It’s just impressive the clarity of Wim Wenders. He frames his images in the camera as well his black eyeglass frame does with him.

In this short sequences taken from Pina (Bausch), 2011, Wim Wenders plays with daylight and the built environment as if he were an architect of light.

With this, I mean that he uses a camera cart on a very still background, which seems to be only a postcard or a theatre upstage, it is absolutely surreal and binds so powerfully cinema and theatre together.

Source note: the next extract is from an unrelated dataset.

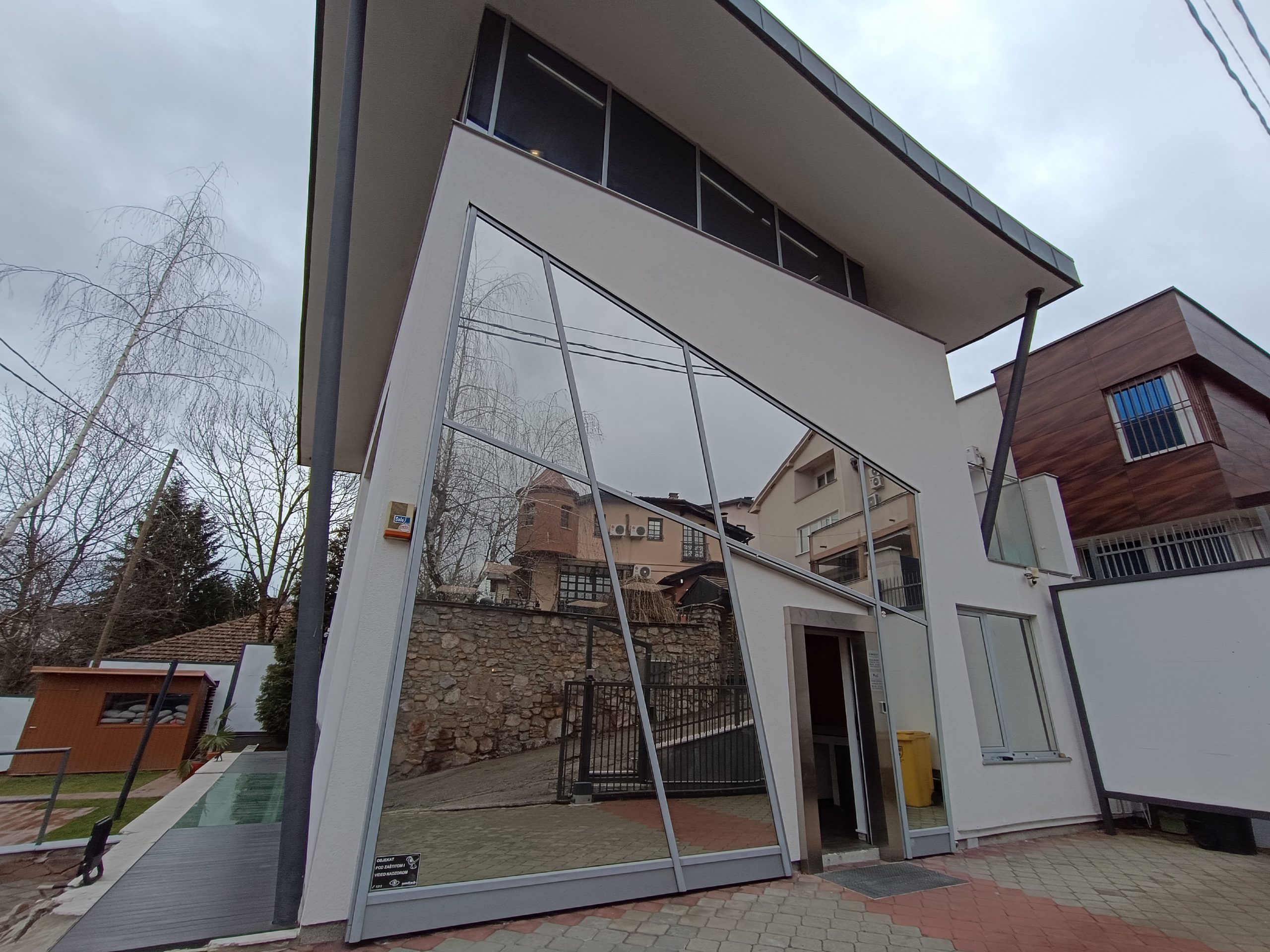Poslovni objekat ukupne kvadrature 438 m2, sa dvorištem 300 m2.Objekat je kancelarijskog tipa, posjeduje, suteren prizemlje, dva sprata. Dvorište uređeno sa zelenim površinama ,prostorom za sjedenje -ljetnja bašta i parkingom za 4-5 auta.
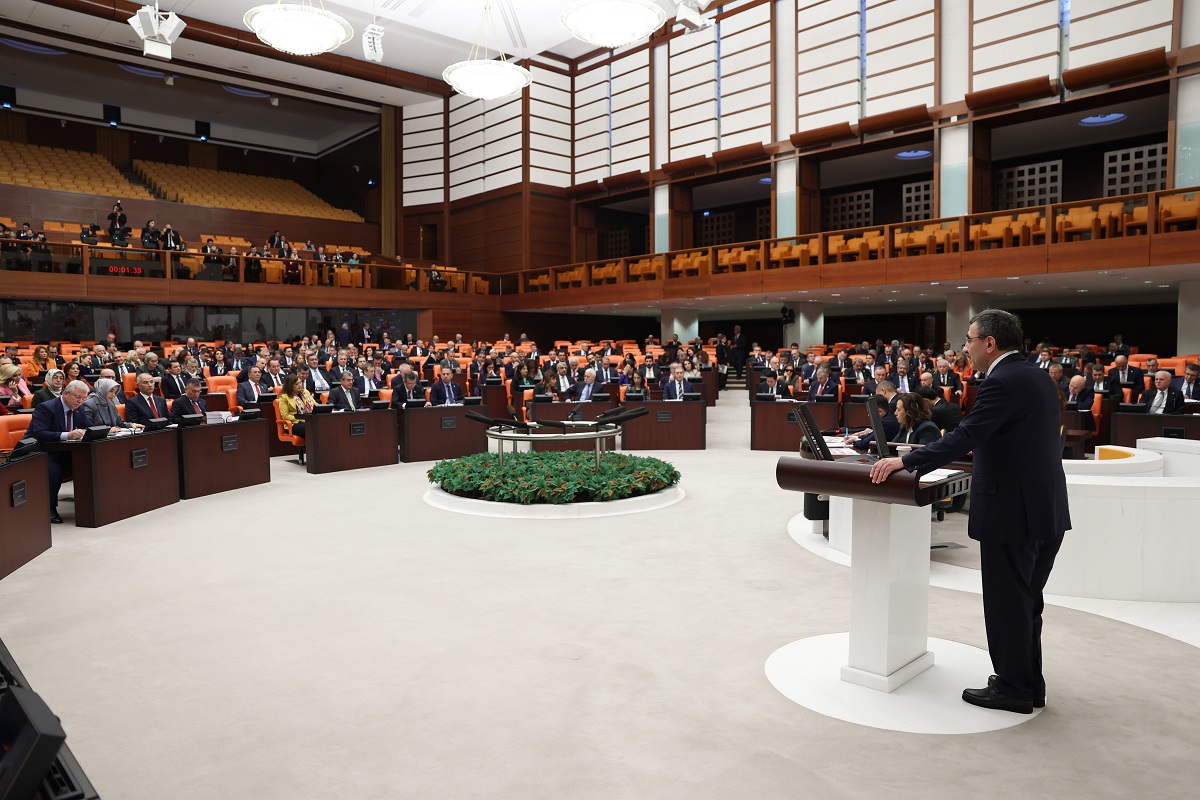 Cevdet Yılmaz, bütçede, istikrarlı büyümenin sağladığı imkanların insan odaklı ve sosyal refahı artırıcı bir yaklaşımla toplumun bütün kesimleriyle paylaşılmasına öncelik verildiğini dile getirerek, "2024 yılı bütçemizi, milli teknoloji hamlesi, enerji ve gıda arz güvenliği, yeşil ve dijital dönüşüm gibi stratejik alanlarda milletimize verdiğimiz sözleri yerine getirmek için kullanacağız. Çığır açan teknolojiler başta olmak üzere her alanda reel sektörümüzün yanında olacak, üretim ekosistemimizi destekleyeceğiz." diye konuştu.

In this melting-pot, there is a very sculptural natural light which frames even more the space, leaving at times deep shadows from the actor only (the curly-haired ballet dancer), at times sculptural and sharp architectural shadows (the tango duo) and at times frame the “stage” with a linear shadow pattern (the dance duo in the winter garden).

The choice of very urban, minimalistic and framed spaces, the contrast between the dance and the uninhabited city, helps the architecture to detach from its role of scene container and brings it again on the status of an image. Once more the architecture is a oneiric and Magrittian presence in the cinema.

This use of daylight, architecture, background and foreground (upstage and apron) within the dance filming, has been extremely inspirational for all the professional of my field.

All Wim Wenders estimators will be once more grateful for this special contribution to cinema photography.